Kurzbeschreibung:
Als im
Mercy-West Haven Hospital in Connecticut ein Neugeborenes nach einem
Routineangriff stirbt, scheint schnell klar zu sein, wer daran schuld
ist: Ruth Jefferson, die dunkelhäutige Säuglingsschwester, der
untersagt war, das Baby anzufassen. Vor allem Turk Bauer, der
rassistische Vater des Kindes, hält Ruth für verantwortlich. Es
folgt ein nervenaufreibendes Verfahren, das Turk nur durch die Hilfe
der engagierten Anwältin Kennedy McQuarrie übersteht.
Eine berührende
Geschichte, die besonders eines offenbart: den alltäglichen
Rassismus, der in unserer modernen westlichen Welt noch lange nicht
überwunden ist.
Mein
Eindruck:
Ruth Jefferson
ist eine gewissenhafte Säuglingsschwester mit guter Ausbildung, auf
die sie stolz ist. Viele Jahre hat sie ihre Arbeit zur vollsten
Zufriedenheit der Klinik erledigt.
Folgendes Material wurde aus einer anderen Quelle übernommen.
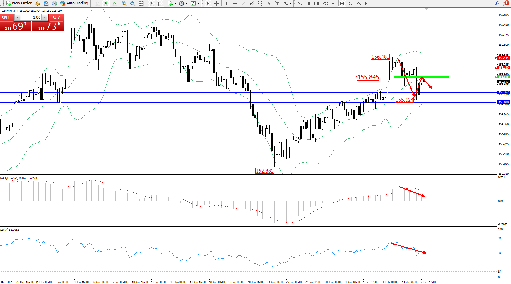 技术点评:多头动力延续布林带指标通道中上轨区间持续震荡上扬后,高位抵达156.481位置遇阻回撤,短期高位空头动力伺机入场,下行至布林带指标中轨下侧震荡,布林带指标呈收口走势持续中,MACD指标处于多头区域维持整理缓慢下移,RSI指标处于多头区域维持震荡回撤至50均衡线附近徘徊;

Sie lebt mit ihrem Sohn in einer
„weißen“ Wohngegend und hat weiße Freunde. Sie ist mit ihrem
Leben zufrieden, bis Turk Bauer nach der Geburt seines Sohnes darauf
besteht, dass Ruth das Baby nicht anfassen darf. Als der Kleine
stirbt, beginnt für Ruth ein Albtraum.
Das Hörbuch
wird abwechselnd von drei Sprechern gelesen. Beate Rysopp ist die
Stimme der Ruth Jefferson, Svenja Pages schildert die Ereignisse aus
der Sicht der Anwältin Kennedy McQuarrie, und die Passagen, in denen
Turk Bauer zu Wort kommt, werden von Frank Stieren gelesen. Alle drei
Sprecher machen ihre Sache sehr gut. Mit ihren Stimmen transportieren
sie die vielschichtigen Emotionen, die es im Roman reichlich gibt. Es
handelt sich um eine gekürzte Lesung. Die knapp 600 Seiten des
Romans wurden hier für 6 CDs mit insgesamt 460 Minuten aufbereitet.
Ein Großteil der Handlung dreht sich um den Gerichtsprozess, als
Ruth angeklagt wird, am Tod des Säuglings schuld gewesen zu sein.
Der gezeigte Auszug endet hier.